3 Ways to Incorporate a Theme (Without Being Cheesy)

By Natalie Dupuis, October 9, 2015

One of the first steps to developing a marketing plan for an event is decide on some sort of theme. Ideally stemming from the content of the event, it could be a theme based on color, an image, or more often than not, a phrase. The one thing that will, in theory, tie every aspect of the event together. At Catalyst Atlanta, that theme is “Awaken the Wonder.” What has the potential to be a broad brushstroke speaking to creativity and big-picture-thinking, has been flushed out by the Catalyst team to apply to every piece of the event, whether the attendee recognizes it or not. Here are three ways Catalyst is incorporating their theme this year beyond the décor and hashtag:

1) Start with the staff.

If you’re choosing them like Catalyst did about “wonder” or another theme that encourages creativity or dreaming, your own team should be fostering that environment leading up to the event. Catalyst Marketing Director Lindsay Van Zyl said that the “Awaken the Wonder” theme gave her team the freedom to dream big in the process of marketing this year’s series of events.

2) Use speaker content.

Present the theme to your keynote speakers far enough in advance of the event for them to plan a presentation that speaks from some angle of the theme. At Catalyst, speakers like Erwin McManus spoke to the wonder of the creativity of God, while rapper and pastor Trip Lee spoke to the wonder of music. Ideally, you foster relationships with your speakers so that you can work alongside them to develop the best way to incorporate the theme into their presentation naturally and seamlessly, without asking them to speak to something outside their sphere of influence.
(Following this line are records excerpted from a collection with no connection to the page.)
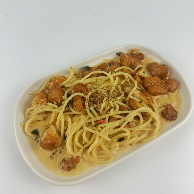 Combination of spaghetti and our signature buttermilk sasuce served with chicken popcorn
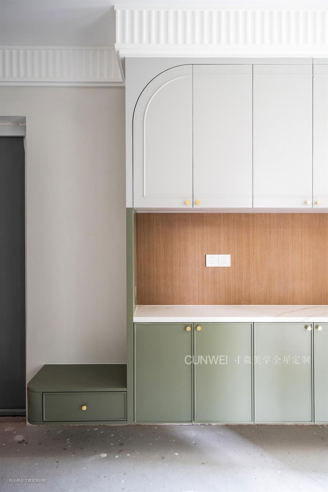 入户在电视背景墙同侧,客厅电视背景墙装一整面收纳柜,不要电视,以增加收纳空间为主。卡座玄关收纳柜+餐边柜+家政柜,感觉能让家住个10年也保持干净、整洁。
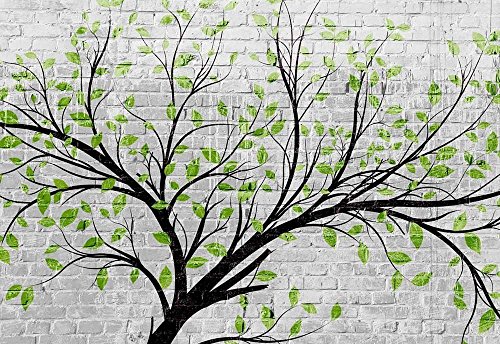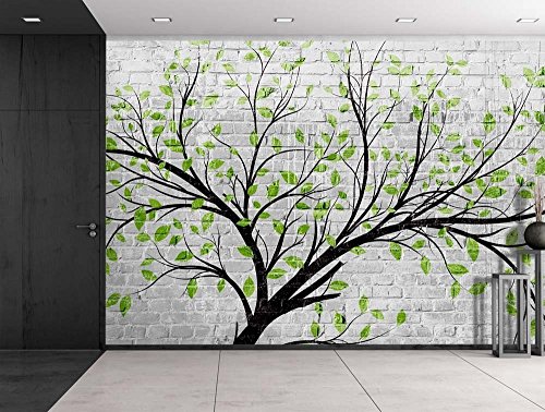 Wall26 - Tree with Green Leaves Going Along a Brickwall - Wall Mural, Removable Sticker, Home Decor - 66x96 inches

3) Engage all five senses.

One of the standout elements of Catalyst as a whole is the way their live events appeal to all learning styles. To tie this into their theme this year, they had strategically-placed Wonderpods throughout the venue. For those who need a tactical way to process the things they’re learning from the speakers, these pods gave them the space to do that. Legos to play with, stickers and coloring pages to enjoy, and boxes that force them to shift their perspective are just a few of the ways that people could engage different senses.